Tecta America to be acquired by Altas Partners
Altas Partners, a Toronto-based long-term private equity firm, has agreed to buy Tecta America Corp., a commercial roofing contractor based in Rosemont, Ill., according to www.pehub.com. Terms were not released for the deal, which is expected to close during the fourth quarter.
Tecta America will be sold by ONCAP, the midmarket division of Canadian private equity firm Onex Corp. ONCAP acquired Tecta America from Oaktree Capital Management two years ago for $280 million. ONCAP reportedly invested $124 million in the deal.
Created in 2000 with the merger of 10 roofing companies, Tecta America currently has more than 60 locations. The company provides roof system installation, replacement, repairs and maintenance and other roofing services to a variety of U.S. industries and end markets.
Mark Santacrose, president and CEO of Tecta America, said Altas Partners will help the company execute growth opportunities.
Altas Partner David Brent said Tecta America is an "excellent fit" with the investor's long-term strategy.
Altas Partners was founded in 2012 to make control-stake investments in hard-to-replicate businesses and hold them indefinitely. Tecta America is the firm's third platform deal in 2018.
Former NRCA board member passes away
After earning a bachelor's degree in business administration from the University of Miami, Dahill joined his family working at F. J. Dahill Co. Inc., New Haven, Conn. He enjoyed conducting roofing business and served as the company's president until his retirement. Dahill was active within several roofing associations, serving on the board of directors for NRCA, the Connecticut Roofing Contractors Association and the North/East Roofing Contractors Association (NERCA). Dahill was NERCA's president from 1985-88 and received the association's Clarence Carr Award in 1990 in recognition of his service.
Dahill is survived by his wife, Patricia; his sister, Mary Ann; his children, Brenden, Brian, Geoffrey, James Jr. and Kristin; his stepchildren, Dair, Deborah, Michael, Pamela, Royse, Steven and Troy; and several grandchildren and great-grandchildren. He was preceded in death by his parents, Frank and Helen, and his brother, Harrold.
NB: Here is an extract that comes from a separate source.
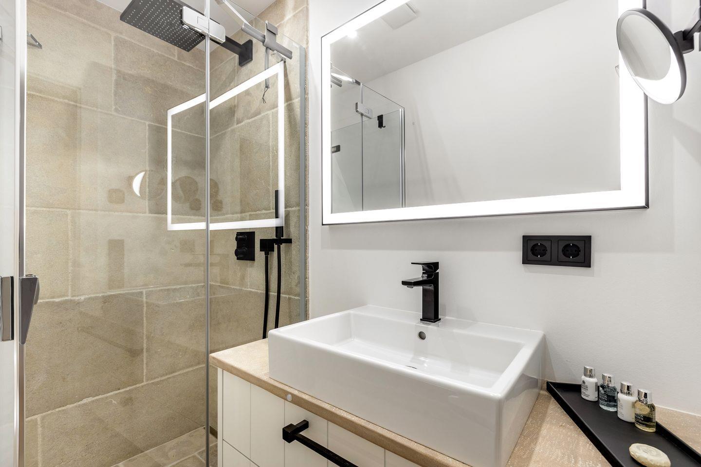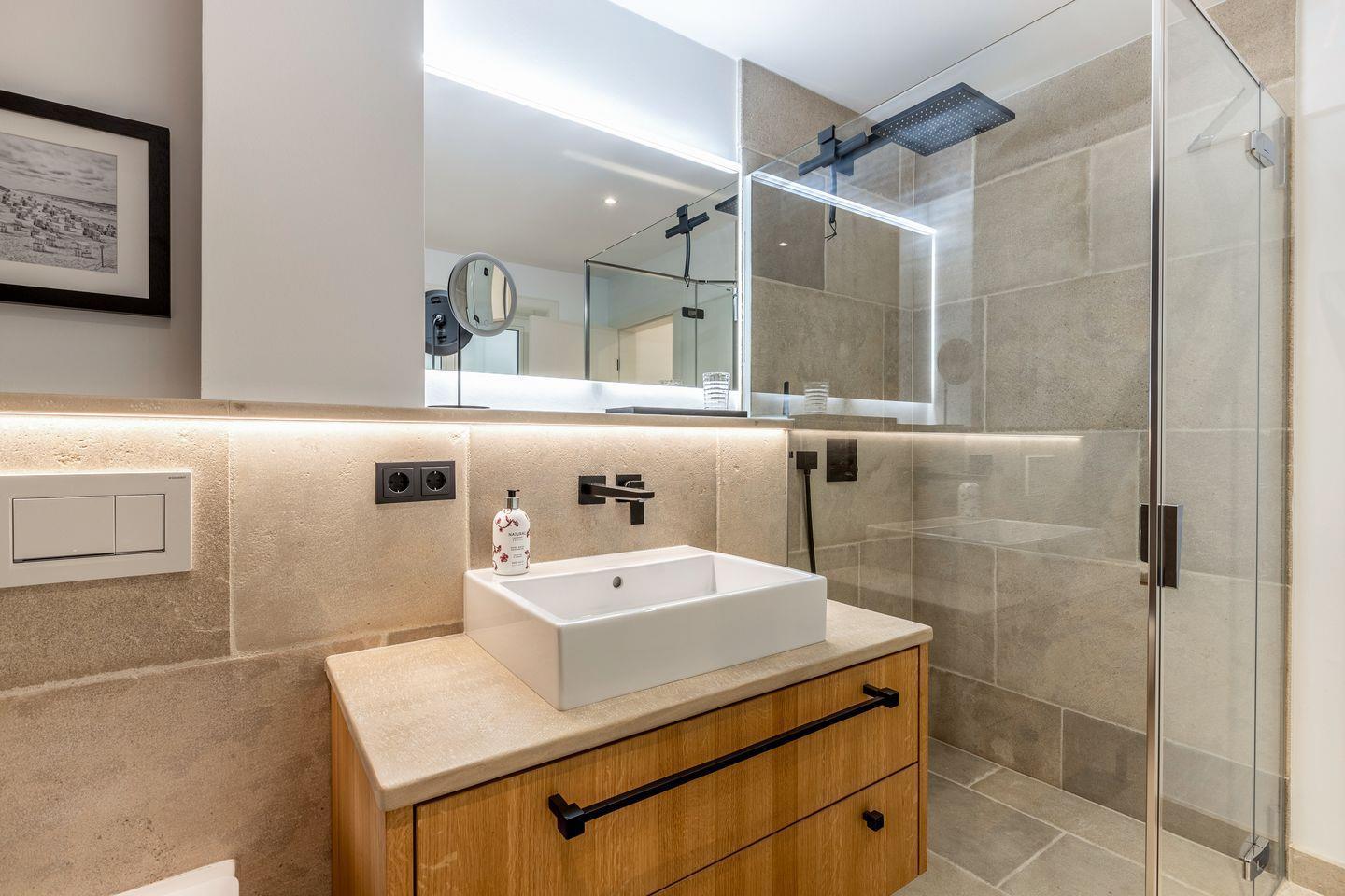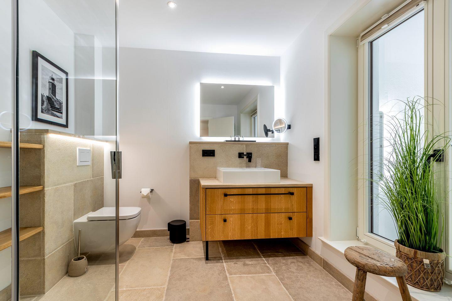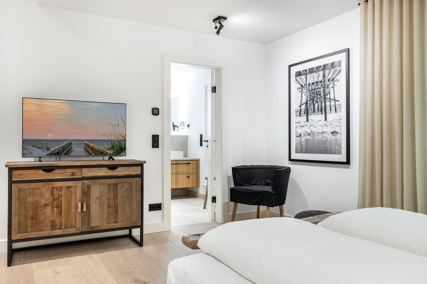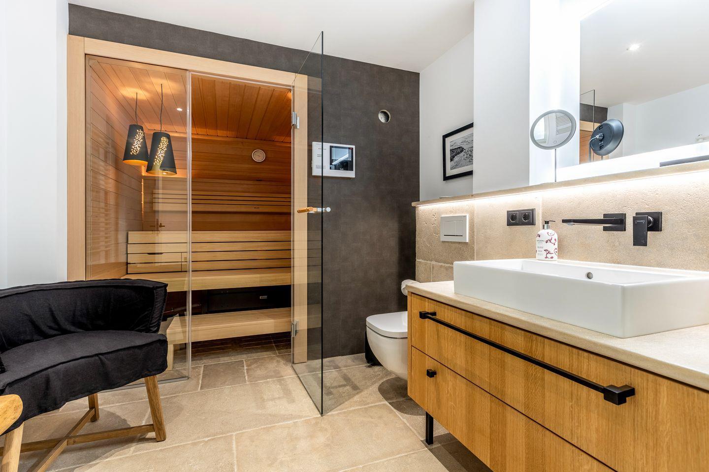 Im Untergeschoss des Hauses finden Sie zwei Räume mit jeweils einem Doppelbett und Flatscreen-TV und je einem angrenzendem Duschbad. Eines der Badezimmer bietet Ihnen zusätzlich eine kleine, private Sauna, in der Sie die kalten Tage so richtig genießen können.

Donations in Dahill's name may be made to the Northeast Roofing Educational Foundation, 100 Grossman Drive, Suite 300, Braintree, MA 02184.
Mother of former NRCA president passes away
Beverly Louise Daly, mother of former NRCA President Bob Daly, passed away Oct. 26. She was 90.
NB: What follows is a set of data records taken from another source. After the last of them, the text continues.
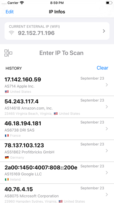 Automatically find IP Address from websites or domain name and get all infos on that IP including geographic location. Use the Today extension to view your current external IP and visible location (perfect to verify that your VPN is working). Get infos on any website servers directly from safari with the Action extension.
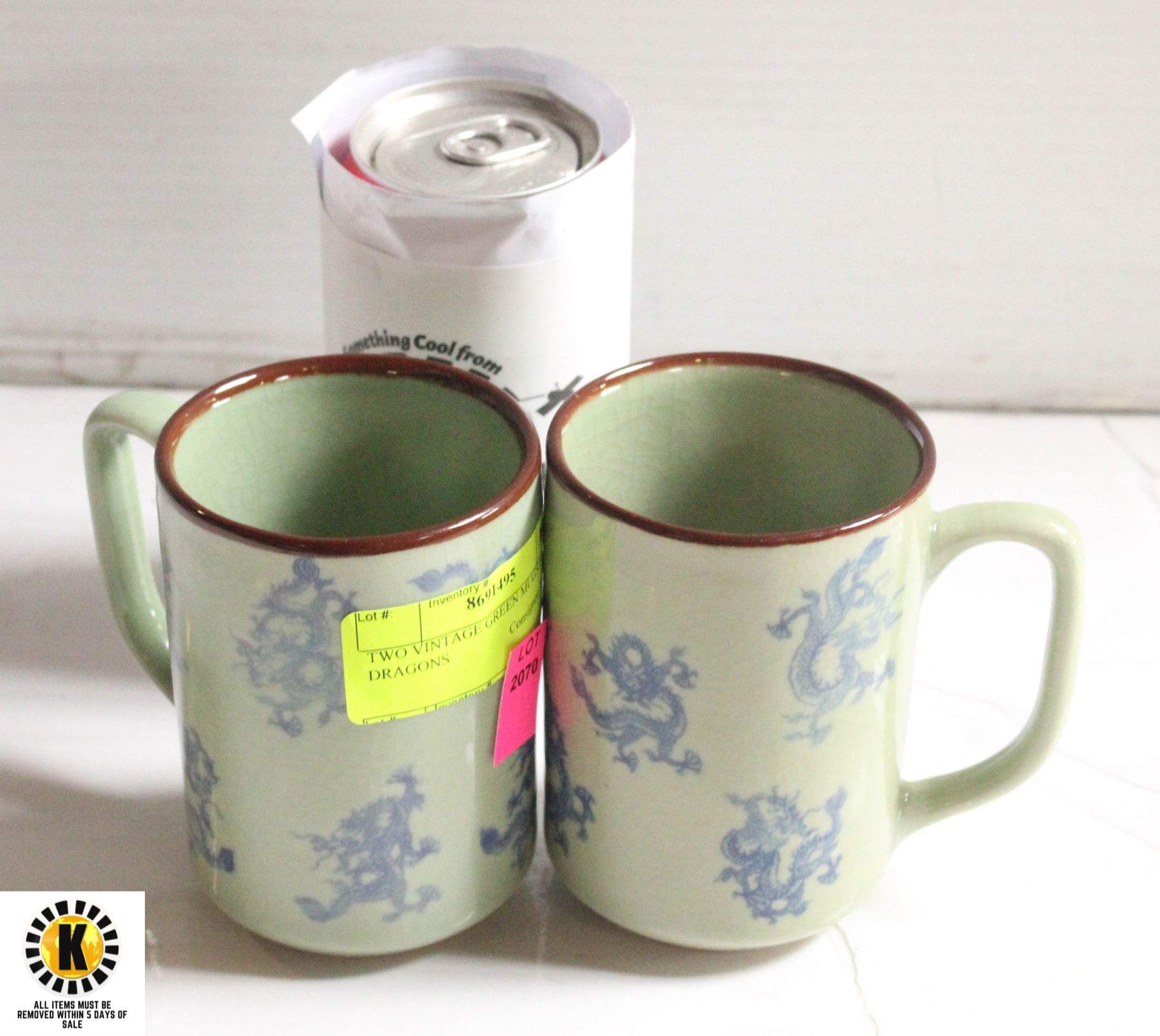 TWO VINTAGE GREEN MUGS BLUE DRAGONS
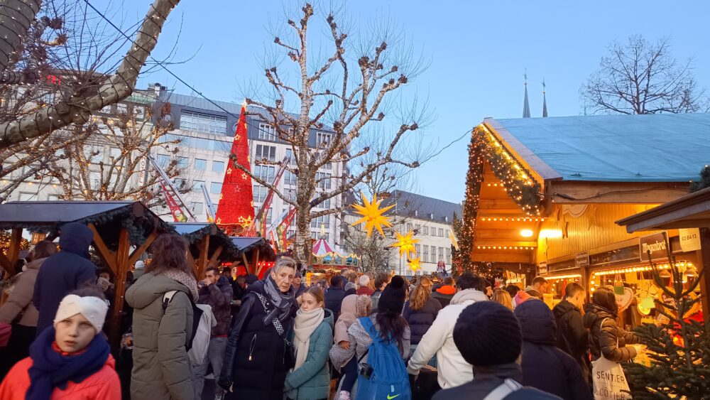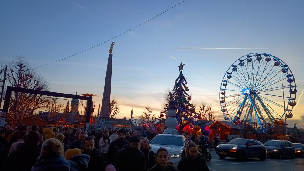 クリスマス前最後の日曜日の上に、天気もよかったため、中心街は買物客で、クリスマス市は観光客で混雑していました。特に、憲法広場会場内は、歩くのも大変なほどの混雑でした。
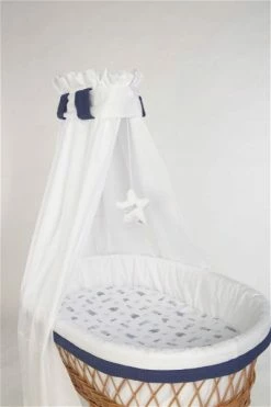 Mionido Stubenwagen Maxi Weiß Pyjamabär Blau Inkl. Garnierung, Matratze Und Matratzenbezug
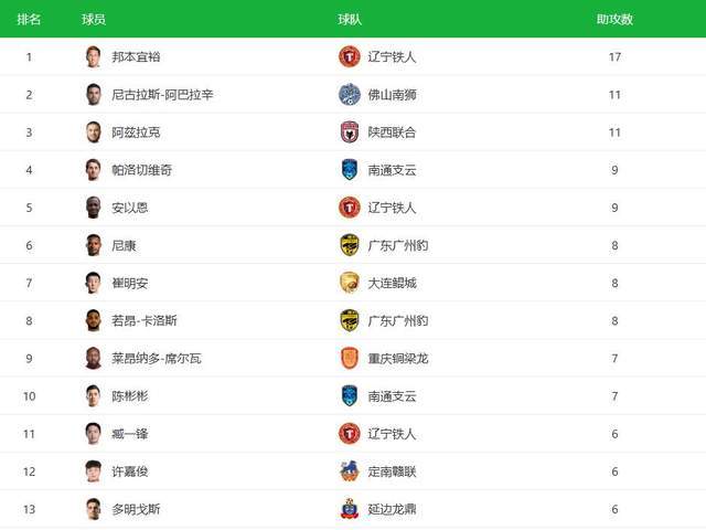 第一个,邦本宜裕本赛季在中甲已经是贡献4球17助攻,1人独造21球,数据相当亮眼。在整个中甲助攻榜上,邦本宜裕以17个助攻遥遥领先,比第2名足足多出了6次助攻,在联赛只剩下2轮的情况下,邦本宜裕基本锁定了中国职业联赛历史上第1位日本籍助攻王。
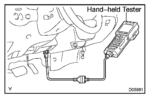 9. After simulating the malfunction conditions, use the hand-held tester diagnosis selector to check the DTCs, freeze frame data, and other data.

A lifelong resident of the Kansas City, Mo., area, Daly held a bachelor's degree in education from the University of Missouri. She married Pat Daly in 1950, and together they raised six children, including Bob Daly, president of Kaw Roofing & Sheet Metal Inc., Kansas City, who served as NRCA president from 2007-08. She also volunteered at St. Joseph Medical Center in Kansas City for 25 years.
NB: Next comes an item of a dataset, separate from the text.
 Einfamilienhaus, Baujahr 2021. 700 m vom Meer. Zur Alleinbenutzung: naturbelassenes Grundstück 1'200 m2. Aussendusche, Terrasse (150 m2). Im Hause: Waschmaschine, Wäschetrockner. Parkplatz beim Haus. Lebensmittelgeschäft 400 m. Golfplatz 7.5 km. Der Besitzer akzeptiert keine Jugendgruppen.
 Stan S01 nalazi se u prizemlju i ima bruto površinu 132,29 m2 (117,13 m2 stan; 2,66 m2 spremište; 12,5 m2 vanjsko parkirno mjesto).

Daly is survived by her children, Bob, Donna, John, Maggie, Nancy and Steve; her sisters-in-law, Kathleen and Peggy; 15 grandchildren; and 11 great-grandchildren. She was preceded in death by her parents, Ethyl and George; her husband, Pat; her brother, Van; her son-in-law, Cliff; and her grandson, Michael. Donations in Daly's name may be made to the Michael Daly Memorial Fund, 9129 W. 126th Terrace, Overland Park, KS 66213, or Catholic Charities at www.catholiccharities.net.
General Coatings Manufacturing joins NRCA's One Voice initiative
General Coatings Manufacturing Corp., Fresno, Calif., is the most recent company to join NRCA's One Voice initiative.
The One Voice initiative is a transformational approach to addressing the roofing industry's most critical issues and concerns—with one voice—to secure its future. The campaign aims to collectively recognize threats to the industry and the opportunities they may present.